Lasagne z tuńczykiem i boczniakami

Przychodzę do Was z genialną alternatywą na mięsną lasagne. Jeśli nie przepadacie za mięsem albo po prostu macie ochotę na przełamanie klasycznej lasagne, ten przepis jest właśnie dla Was. A do przygotowania naszej lasagne z tuńczykiem potrzebujemy:

  • 3 puszki tuńczyka w sosie własnym,
  • 250 g boczniaków,
  • 1 duża cebula lub 2 małe,
  • czosnek,
  • 750 g passaty pomidorowej,
  • oliwa z oliwek,
  • 1 opakowanie makaronu do lasagne (u mnie wyszło 16 płatów makaronu),
  • 20 g masła,
  • 30 g mąki pszennej,
  • 300 ml mleka,
  • tarta gałka muszkatołowa,
  • sól,
  • pieprz,
  • przyprawa "Suszone pomidory z czosnkiem i bazylią"
  • zioła prowansalskie,
  • 300 g tartego sera mozarella,
  • 60 g parmezanu - opcjonalnie
Na rozgrzaną patelnię wlewam oliwę. Cebulkę drobno siekam i przesmażam na średnim ogniu. Ściągam z patelni i przerzucam do innego naczynia. 
Boczniaki kroję w drobną kostkę. Wrzucam na patelnię, na której smażyła się cebulka.

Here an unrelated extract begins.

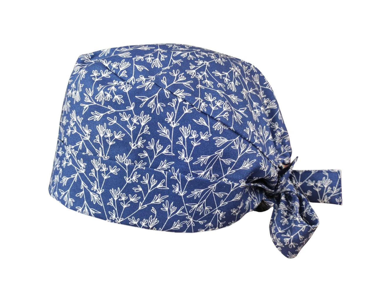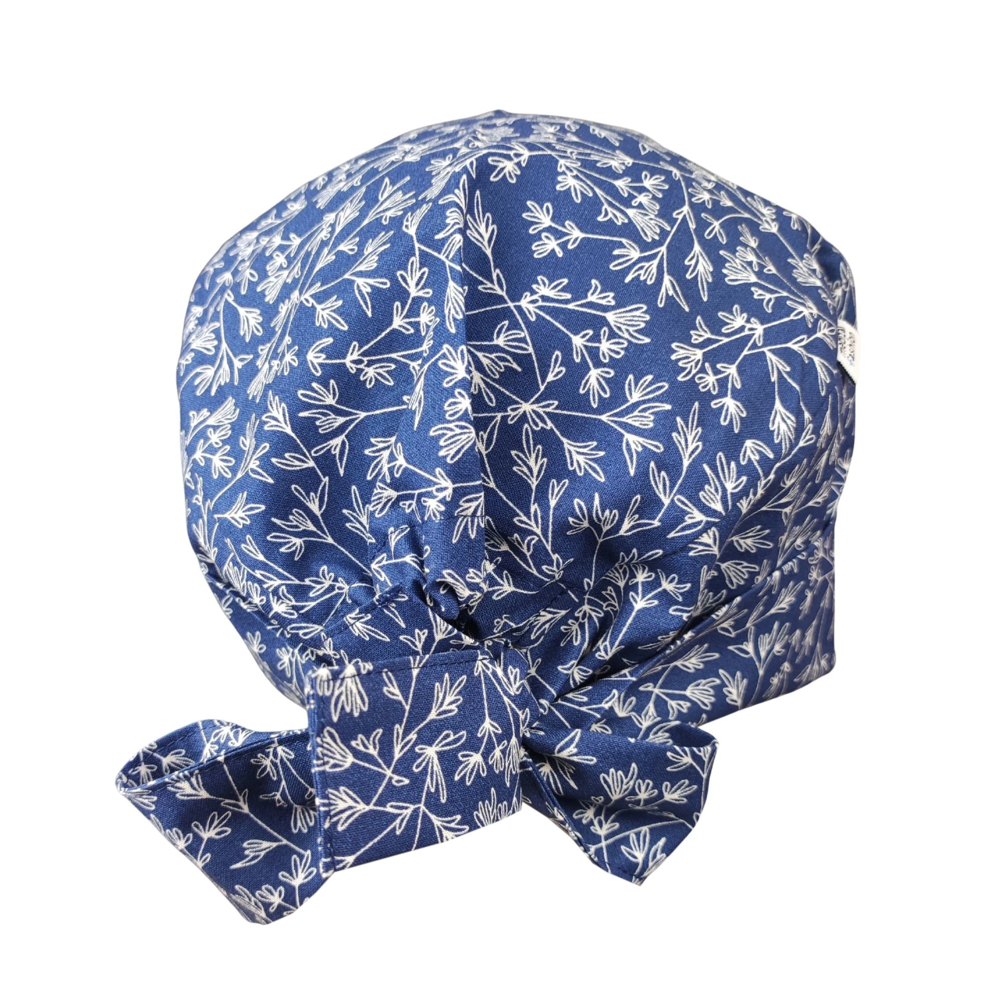 Czepek medyczny wiązany - granatowy w białe gałązki

Czekam aż zmiękną. Gdy są już gotowe dodaję do nich przesmażoną wcześniej cebulkę oraz odsączonego z zalewy tuńczyka. Doprawiam przyprawami wedle uznania. Smażę kilka minut na średnim ogniu.
Gdy nasz farsz się się robi, do miski z zimną wodą wrzucam płaty makaronu. 
Ważne - wkładajcie je pojedynczo aby się nie posklejały. Ten tip sprawi, że makaron odrobinę zmięknie dzięki czemu będzie bardziej plastyczny.
Mozarellę ścieram na tarce.
Do farszu dodaję passatę i smażę jeszcze kilka minut by sos się nieco zredukował.
W osobnym garnku robię sos beszamelowy.
Mój tip - nie używam masła dzięki czemu sos jest lżejszy i mniej kaloryczny a kompletnie nie traci na walorach smakowych. Jeśli jednak Wy nie liczycie kcal - śmiało wrzucajcie masło (najlepiej klarowane). 
Do zimnego mleka wrzucam mąkę i mieszam tak aby pozbyć się grudek. Stawiam garnek na średnim ogniu i cały czas mieszam. Sos wraz ze wzrostem temperatury będzie delikatnie gęstniał. I tutaj wedle uznania - dodajecie masło lub nie :) Doprawiamy całość gałką muszkatołową oraz pieprzem (najlepiej białym ale czarny również się sprawdzi).
Gdy sos osiągnie konsystencję troszkę rzadszego budyniu, znaczy, że jest gotowy.
Czas na złożenie naszej lasagne.
Najpierw na dno naczynia żaroodpornego wlewam odrobinę farszu pomidorowego i układam na nim makaron. Następnie warstwa sosu pomidorowego, beszamelu i mozzarelli. Znów płaty makaronu, farsz, sos beszamelowy i ser. Powtarzamy te czynności dotąd aż nasze naczynie wypełni się warstwami. Na samą górę dajemy tylko beszamel i posypujemy mozarellą. Całość przykrywamy folią aluminiową. 
W piekarniku rozgrzanym do 180 stopni Celsjusza pieczemy lasagne przez 40 minut. Następnie ściągamy folię i pieczemy jeszcze kolejne 10 minut tak, aby nasz ser z wierzchu idealnie się zarumienił.
Po tym czasie wyciągamy formę, z wierzchu całość możemy posypać jeszcze tartym parmezanem. 
Aby nasza lasagne ładnie wyszła z formy musimy odczekać jakieś 15 minut aby całość delikatnie się ostudziła. Po tym czasie możemy kroić i zajadać się pysznym daniem. Smacznego! :)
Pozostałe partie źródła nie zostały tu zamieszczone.